CS35: Lab 10: Graph Algorithms and Applications

Due Friday May 1 at 11:59pm.

Overview

The main goal of this lab is to gain experience working with graph algorithms. A secondary goal is to apply them on several different graph applications. We’re providing you with starter code for the graph data structures, some basic unit tests, and a helper function that loads in a graph from a file. You will implement three graph algorithms and then write three short programs that use these algorithms.

This is an individual lab.

The URL for your repository will be

git@github.swarthmore.edu:cs35-s20/lab10-<username>

where username is your swarthmore user name.

Starting Code

Your starting code can be found in your lab10-<username> repo. The following is a description of the repository’s initial contents; bolded files are those which you must change to complete this lab.

  • adts/: As with your previous labs, the ADT interface declarations are stored here. The most notable additions for this lab are edge.h, graph.h and priorityQueue.h, stlMinPriorityQueue, stlMaxPriorityQueue.

  • directedGraph.h/directedGraph.cpp: A data structure for directed graphs, using adjacency lists.

  • undirectedGraph.h/undirectedGraph.cpp: An undirected graph data structure using adjacency lists.

  • graphAlgorithms.h/graphAlgorithms.cpp: a file containing functions for the three graph algorithms you will implement. This file also contains a helper function loadGraphFromFile which handles reading in a graph from a file.

  • test_data: a directory containing several graphs you can test/run your programs on.

  • tests.cpp: The unit testing program you will use to confirm that your graph algorithms are correct.

  • manualTests.cpp: A sandbox test program for you to use while you develop your program.

  • reachable.cpp: A program which reads in a graph and determines whether there is a path between a source and destination node.

  • communication.cpp: A program which reads in an undirected graph representing a wireless communication network and determines whether there is a short path between two wireless devices.

  • outbreak.cpp: A program which reads in a directed graph modeling potential infectious disease outbreaks and predicts how long it will take for an infectious disease to spread.

Graph File Format

All of the graphs you’ll use this lab will come from files, provided in the test_data directory in your repository. All graph files are written in the following format:

  • The first line contains two integers n and m, representing the number of vertices and edges in the graph respectively.

  • The second line contains either the string weighted or the string unweighted, specifying whether the graph is a weighted or unweighted graph.

  • The third line contains either the string directed or undirected, specifying whether or not the edges of the graph are directed.

  • The next n lines contain a single string (one word, no spaces) representing the name of a vertex

  • The next m lines each contain information about a single edge. First the line lists the source and destination vertices. If the graph is weighted, the line will also have an integer edge weight.
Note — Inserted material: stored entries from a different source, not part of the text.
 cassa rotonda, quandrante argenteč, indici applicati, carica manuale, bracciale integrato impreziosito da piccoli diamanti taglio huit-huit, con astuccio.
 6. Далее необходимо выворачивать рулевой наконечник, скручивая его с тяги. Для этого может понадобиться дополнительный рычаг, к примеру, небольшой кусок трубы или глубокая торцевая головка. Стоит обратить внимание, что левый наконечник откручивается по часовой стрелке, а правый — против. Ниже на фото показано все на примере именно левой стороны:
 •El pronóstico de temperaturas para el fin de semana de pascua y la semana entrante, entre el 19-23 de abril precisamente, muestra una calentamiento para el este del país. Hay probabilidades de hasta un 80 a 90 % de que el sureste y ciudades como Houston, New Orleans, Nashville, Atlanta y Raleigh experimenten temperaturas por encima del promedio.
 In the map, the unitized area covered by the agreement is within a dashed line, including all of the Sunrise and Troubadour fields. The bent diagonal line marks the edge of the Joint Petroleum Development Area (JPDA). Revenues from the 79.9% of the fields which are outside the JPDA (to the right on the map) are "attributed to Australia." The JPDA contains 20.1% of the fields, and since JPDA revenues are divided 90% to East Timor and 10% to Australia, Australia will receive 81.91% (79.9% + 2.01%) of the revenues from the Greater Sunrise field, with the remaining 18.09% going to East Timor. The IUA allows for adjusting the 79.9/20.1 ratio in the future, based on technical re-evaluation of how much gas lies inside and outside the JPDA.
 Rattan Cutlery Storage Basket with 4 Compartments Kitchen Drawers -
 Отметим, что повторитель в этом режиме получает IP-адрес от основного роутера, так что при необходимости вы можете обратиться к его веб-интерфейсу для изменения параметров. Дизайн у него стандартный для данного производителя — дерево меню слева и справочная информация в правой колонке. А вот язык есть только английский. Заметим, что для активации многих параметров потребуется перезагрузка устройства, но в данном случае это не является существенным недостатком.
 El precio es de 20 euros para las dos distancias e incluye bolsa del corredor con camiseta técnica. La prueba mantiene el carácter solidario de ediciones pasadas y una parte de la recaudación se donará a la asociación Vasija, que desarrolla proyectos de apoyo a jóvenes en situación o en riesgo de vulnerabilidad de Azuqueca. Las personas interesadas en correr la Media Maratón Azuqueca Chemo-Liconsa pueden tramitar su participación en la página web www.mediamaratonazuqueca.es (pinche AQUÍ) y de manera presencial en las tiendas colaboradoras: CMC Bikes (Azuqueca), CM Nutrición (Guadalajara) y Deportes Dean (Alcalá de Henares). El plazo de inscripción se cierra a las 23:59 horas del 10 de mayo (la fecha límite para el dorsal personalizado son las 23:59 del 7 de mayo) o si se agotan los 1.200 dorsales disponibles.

We have provided loadGraphFromFile(<filename>) in graphAlgorithms.h.,cpp to read graph files for you. It may still be useful to understand the format in case you want to write new test files. This function takes a the name of a graph file as input, creates the appropriate graph, and returns a pointer to the new Graph.

Part I. Implementing Graph Algorithms

In graphAlgorithms.cpp, you will implement three different graph algorithms.

Implementing reachableDFS

Given a source node (src), destination node (dest), and a pointer to a graph object (g), this method should return true if a path exists between src and dest. Your algorithm must utilize depth-first search to solve the problem.
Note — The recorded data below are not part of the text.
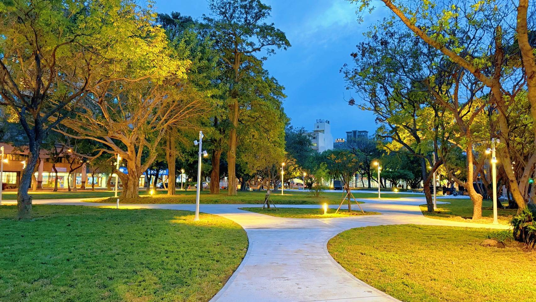 每個時段皆有不同的交織與柔美迷離。豐富層次讓市民漫步其中時,感受竹北綠地空間的
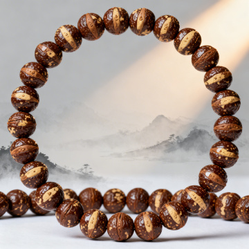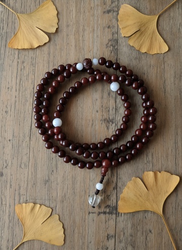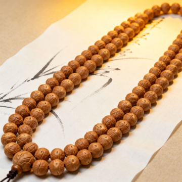中式禅意设计,实木肌理与木雕风佛珠交织,搭配银杏叶点缀,质朴静谧,自然气息浓厚,传递秋日宁静之美。
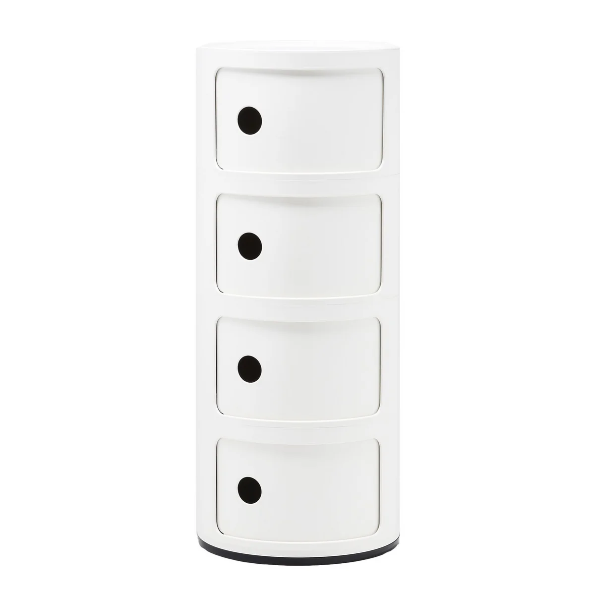 In 2017, Kartell introduced the new pre-configured Componibili 4985 unit with four compartments and a diameter of 32 cm - a new size and new colors! The basic design created in 1969 by Anna Castelli Ferrieri still convinces with its popping retro look, now with muted colors that give it a timeless quality.
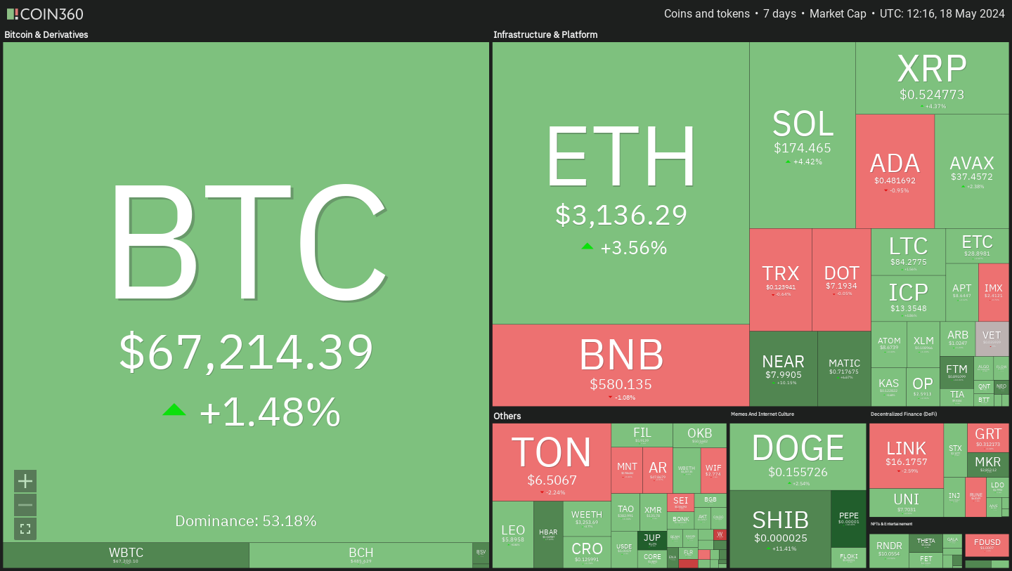 Bitcoin surged back near $66,000 on Wednesday, leading cryptocurrency prices higher. This followed the release of the US April CPI report, which showed that core inflation had moderated. Lower inflation means more likely that rates will be cut, which most think will cause “on-risk” assets like BTC to rally.
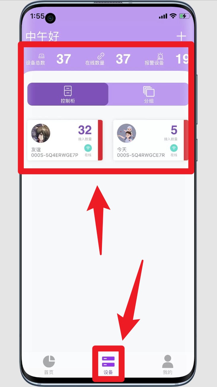 2. 切换至设备页面,查看当前控制柜或分组设备接入情况,支持快速识别在线状态。

Implementing shortestLengthPathBFS

Given a source node (src), destination node (dest), and a pointer to a graph object (g), this method should return a list of all vertices in the shortest length path between src and dest. If no path exists, the method will throw a runtime_error. The list should the be nodes in the path, in order, starting with src. Your algorithm must utilize breadth-first search to solve the problem.
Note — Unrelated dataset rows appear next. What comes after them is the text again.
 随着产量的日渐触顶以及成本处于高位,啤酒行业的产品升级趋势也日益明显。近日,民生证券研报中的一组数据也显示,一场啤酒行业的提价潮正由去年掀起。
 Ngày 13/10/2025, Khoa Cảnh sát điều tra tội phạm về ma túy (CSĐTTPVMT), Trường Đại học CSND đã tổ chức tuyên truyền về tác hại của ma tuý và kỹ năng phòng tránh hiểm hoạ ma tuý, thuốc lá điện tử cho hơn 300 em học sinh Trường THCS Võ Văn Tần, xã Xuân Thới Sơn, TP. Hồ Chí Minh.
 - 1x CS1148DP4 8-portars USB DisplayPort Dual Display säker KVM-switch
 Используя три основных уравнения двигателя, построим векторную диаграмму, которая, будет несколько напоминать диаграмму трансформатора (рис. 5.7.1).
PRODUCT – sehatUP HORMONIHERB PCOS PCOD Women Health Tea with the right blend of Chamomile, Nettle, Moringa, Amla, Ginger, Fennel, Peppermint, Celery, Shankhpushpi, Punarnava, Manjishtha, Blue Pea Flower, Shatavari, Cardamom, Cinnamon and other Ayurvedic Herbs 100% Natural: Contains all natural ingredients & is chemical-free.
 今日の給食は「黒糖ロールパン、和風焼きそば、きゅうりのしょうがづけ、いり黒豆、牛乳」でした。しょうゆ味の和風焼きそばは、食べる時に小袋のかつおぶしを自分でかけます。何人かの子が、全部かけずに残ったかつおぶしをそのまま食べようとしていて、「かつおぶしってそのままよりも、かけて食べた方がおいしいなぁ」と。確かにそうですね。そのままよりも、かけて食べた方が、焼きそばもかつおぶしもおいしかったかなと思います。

Implementing singleSourceShortestPath

Given a source node (src), and a pointer to a graph object (g), this method should return the shortest cost path from src to each vertex in the graph. The value is returned as a (dynamically allocated) dictionary that maps a vertex (string) to the shortest path cost (int).

Note: For some graphs it might not be possible to reach every node in the graph starting from the source node. In class we interpreted unreachable nodes as having distance "infinity". However, C++ doesn’t have a predefined value for infinity. Instead, we’ll just not include unreachable nodes in the dictionary. The dictionary you return should contain only vertices reachable from the source node.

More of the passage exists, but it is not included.